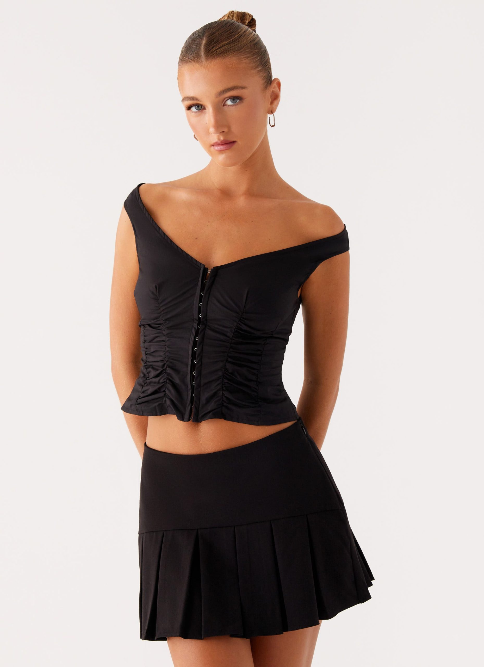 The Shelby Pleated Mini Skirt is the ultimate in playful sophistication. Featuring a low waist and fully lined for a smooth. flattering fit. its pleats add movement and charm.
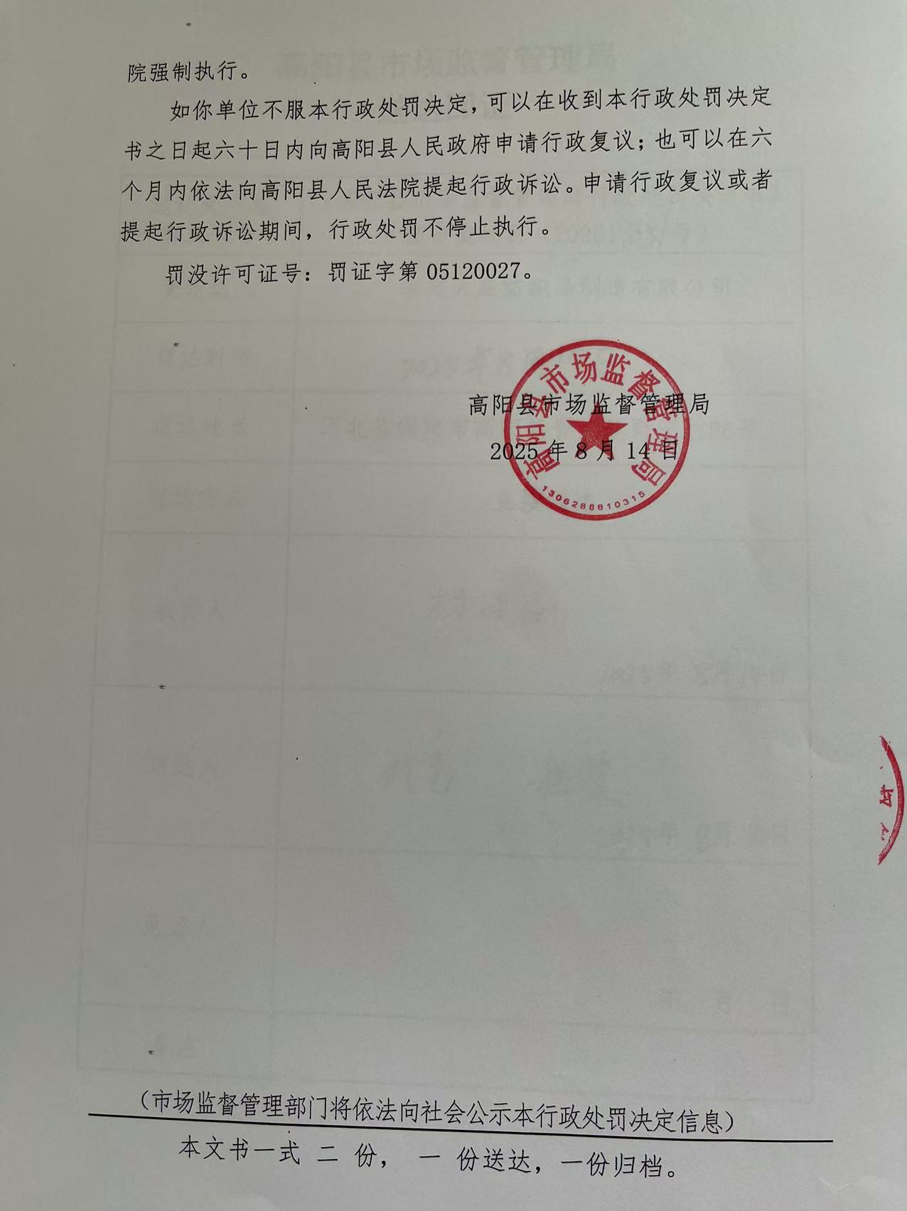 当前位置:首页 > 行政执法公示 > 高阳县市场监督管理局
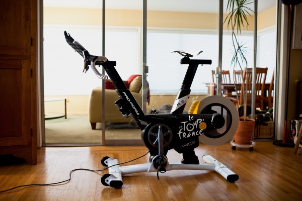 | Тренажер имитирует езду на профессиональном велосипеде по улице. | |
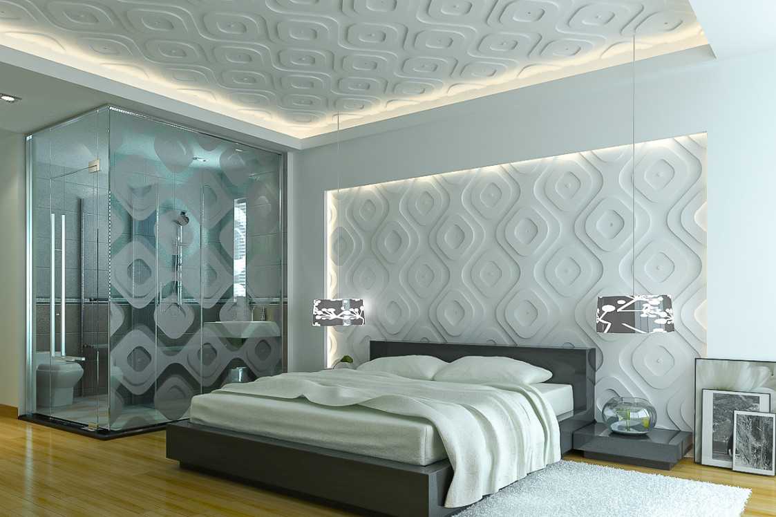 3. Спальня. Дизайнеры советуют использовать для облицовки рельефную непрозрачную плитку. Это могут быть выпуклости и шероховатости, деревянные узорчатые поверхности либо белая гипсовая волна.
◇ ◇ ◇ ◇ ◇
Nothing but an exact copy of the data, without its images, should make up your answer.

EXERCISE RESULT ::
 The Shelby Pleated Mini Skirt is the ultimate in playful sophistication. Featuring a low waist and fully lined for a smooth. flattering fit. its pleats add movement and charm.
 当前位置:首页 > 行政执法公示 > 高阳县市场监督管理局
 | Тренажер имитирует езду на профессиональном велосипеде по улице. | |
 3. Спальня. Дизайнеры советуют использовать для облицовки рельефную непрозрачную плитку. Это могут быть выпуклости и шероховатости, деревянные узорчатые поверхности либо белая гипсовая волна.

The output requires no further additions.